## DATASET EXCERPT
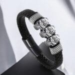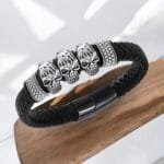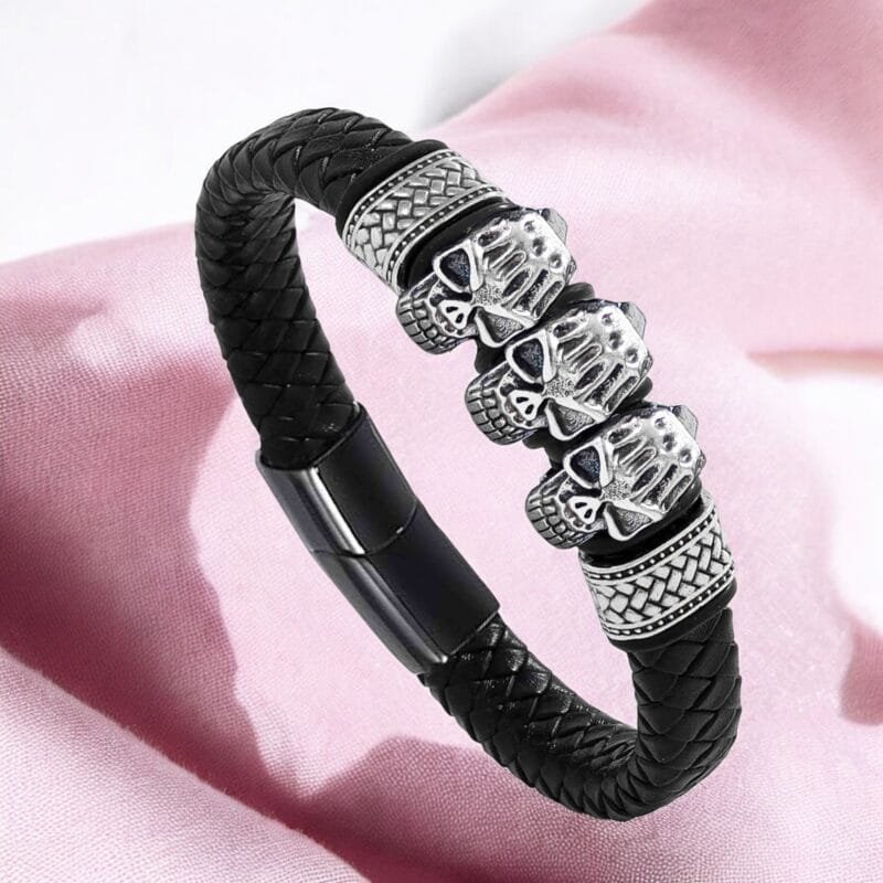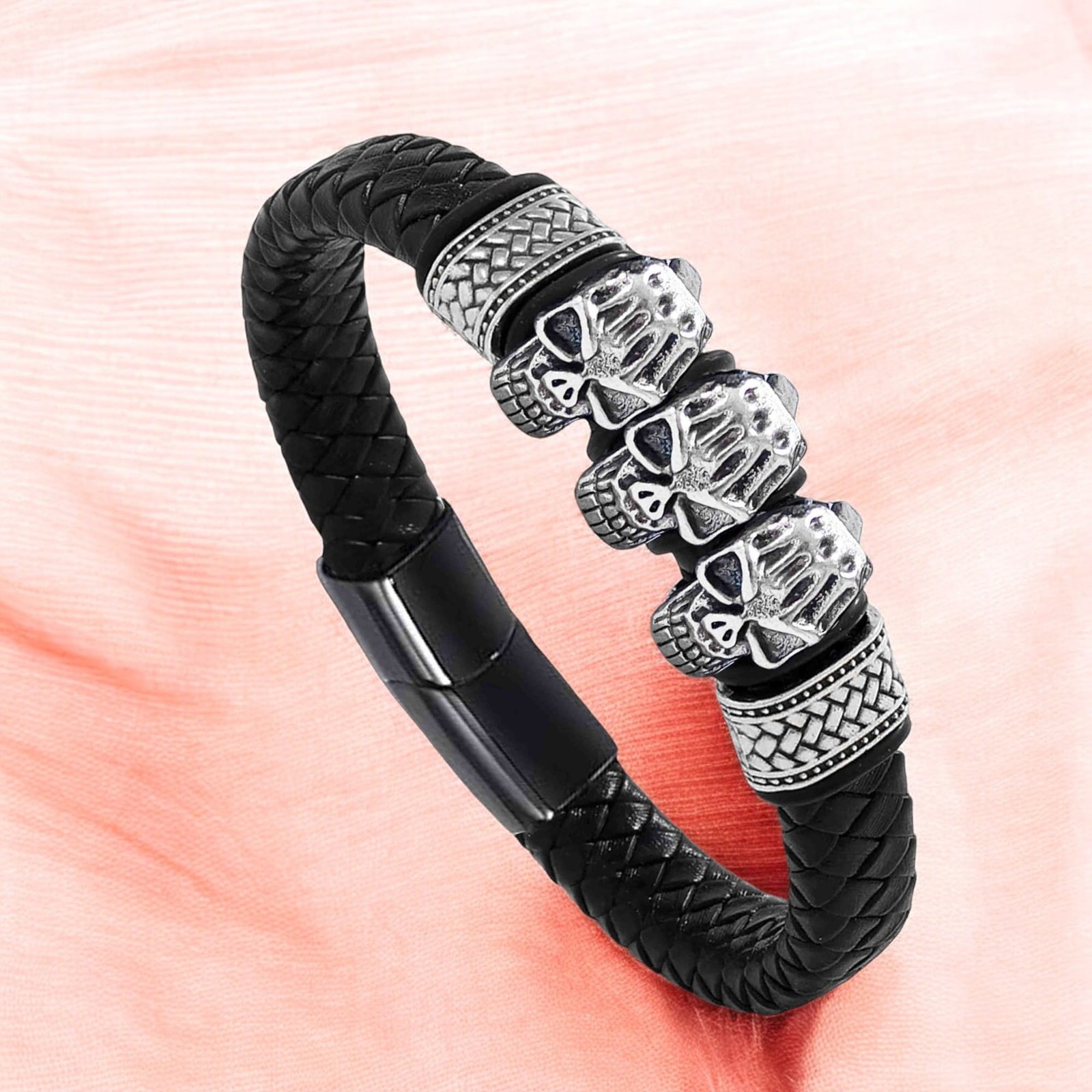 - SKULL BRACELET FOR MEN: Unique and stylish wristband featuring triple skull charm, a powerful symbol of toughness and bravery
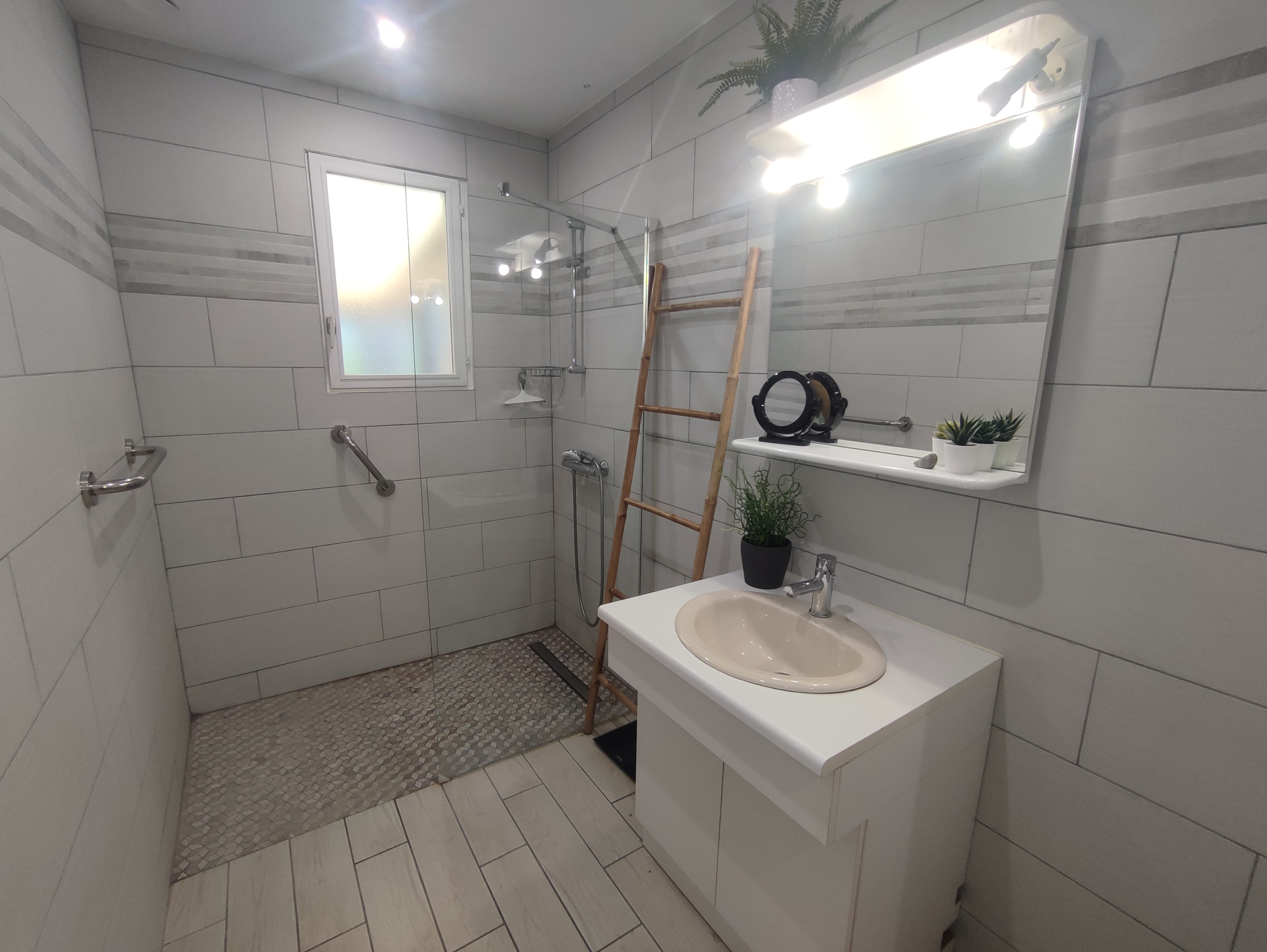 Vie de plain pied possible 'séjour ouvert sur cuisine de 37 m²) avec une chambre (10.33m²) et une belle salle d'eau (6.88m²), wc séparés. Belle véranda chauffée
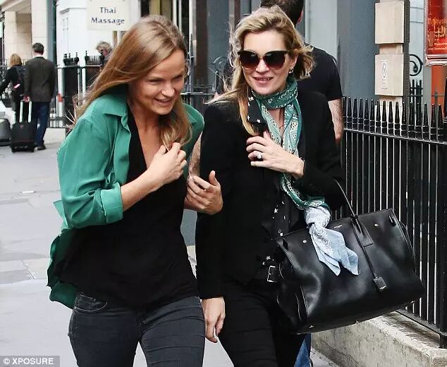 时尚界永远的灵感缪斯,女神 Kate Moss 也是窄丝巾的忠实拥护者,在她的身上,窄丝巾给人的感觉更加朋克。

## EXERCISE PROMPT
Word for word, retype the material above without its pictures.

## WRITTEN REPLY
 - SKULL BRACELET FOR MEN: Unique and stylish wristband featuring triple skull charm, a powerful symbol of toughness and bravery
 Vie de plain pied possible 'séjour ouvert sur cuisine de 37 m²) avec une chambre (10.33m²) et une belle salle d'eau (6.88m²), wc séparés. Belle véranda chauffée
 时尚界永远的灵感缪斯,女神 Kate Moss 也是窄丝巾的忠实拥护者,在她的身上,窄丝巾给人的感觉更加朋克。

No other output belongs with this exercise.